Graham also founded the A.J. Graham Company (based in New York City and founded the publication The Student Journal.

===Graham shorthand system===
In 1857 Graham published his own Pitman-like "Graham's Brief Longhand" that saw wide adoption in the United States in the late 19th century. He published a translation of the New Testament. His method landed him in a 1864 copyright infringement lawsuit against Benjamin Pitman in Ohio. Graham died in 1894 and was buried in Montclair's Rosedale Cemetery; even as late as 1918 his company Andrew J. Graham & Co continued to market his method.

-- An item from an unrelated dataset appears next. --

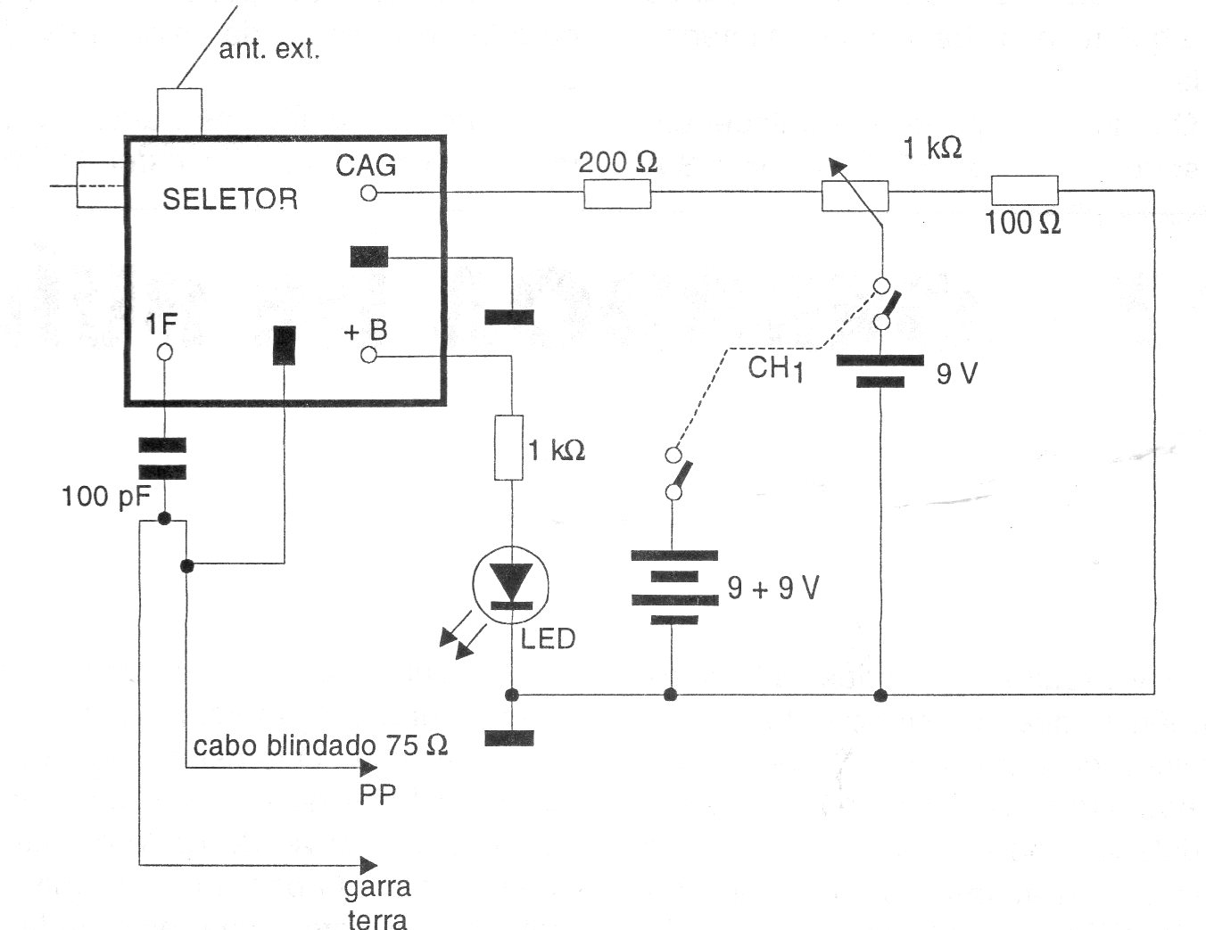 La idea básica de este proyecto de una documentación de 1998 es aprovechar el selector de canales de un viejo televisor analógico como inyector de señales. La señal capta la señal externa y la utiliza para pruebas diversas en equipos de VHF. La alimentación se realiza por dos fuentes de 9 V o según el selector utilizado.

In his youth, Woodrow Wilson (a future president of the United States) had mastered the Graham system and even corresponded with Graham using it. Throughout his life, Wilson continued to develop and employ his own personal variant on the Graham system for personal writing, to the point that by the 1950s, when the Graham method had all but disappeared, Wilson scholars had trouble interpreting his shorthand. In 1960 an 84-year-old anachronistic shorthand expert Clifford Gehman managed to crack Wilson's shorthand, demonstrating on a translation of Wilson's acceptance speech for the 1912 Democratic Party presidential nomination.